Description Kevin Ushey 2016-08-02 18:41:07 UTC
Attempting to call 'inherits' on an S4 object that was created by 'load'ing an R workspace can lead to an incorrect class hierarchy being cached for that object.

This bug requires a number of pre-conditions:

1) The class in question must be an unexported class,
2) The S4 object must be generated by 'load'ing an R workspace (ie, someone must have 'save'd that S4 object previously),
3) The namespace of the package defining that class must not yet be loaded.

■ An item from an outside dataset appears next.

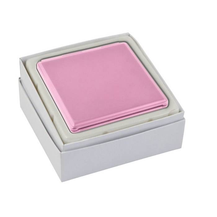 Aluminium Pink Shiny Pocket Makeup Mirror Single-Sided Mini Cosmetic Mirror with Foldable Frame Leather Case Custom Print Logo

Suppose we have an unexported S4 class 'SubMatrix', defined in a class 's4inherits', which inherits from the S4 'dsyMatrix' class defined in the Matrix package. Given this + the previous preconditions, the following code produces an unexpected output for 'inherits':

    load("workspace.RData")     ## provides 'data', an instance of SubMatrix
    inherits(data, "dsyMatrix") ## returns FALSE, uenxpectedly
    is(data, "dsyMatrix")       ## still returns TRUE

Note that, because 'load' produces un-evaluated promises, the package 's4inherits' is not loaded until the 'data' promise is actually evaluated. And, 'inherits' is a primitive that does not eagerly evaluate its arguments, so it does not attempt to evaluate 'data' until it's "too late".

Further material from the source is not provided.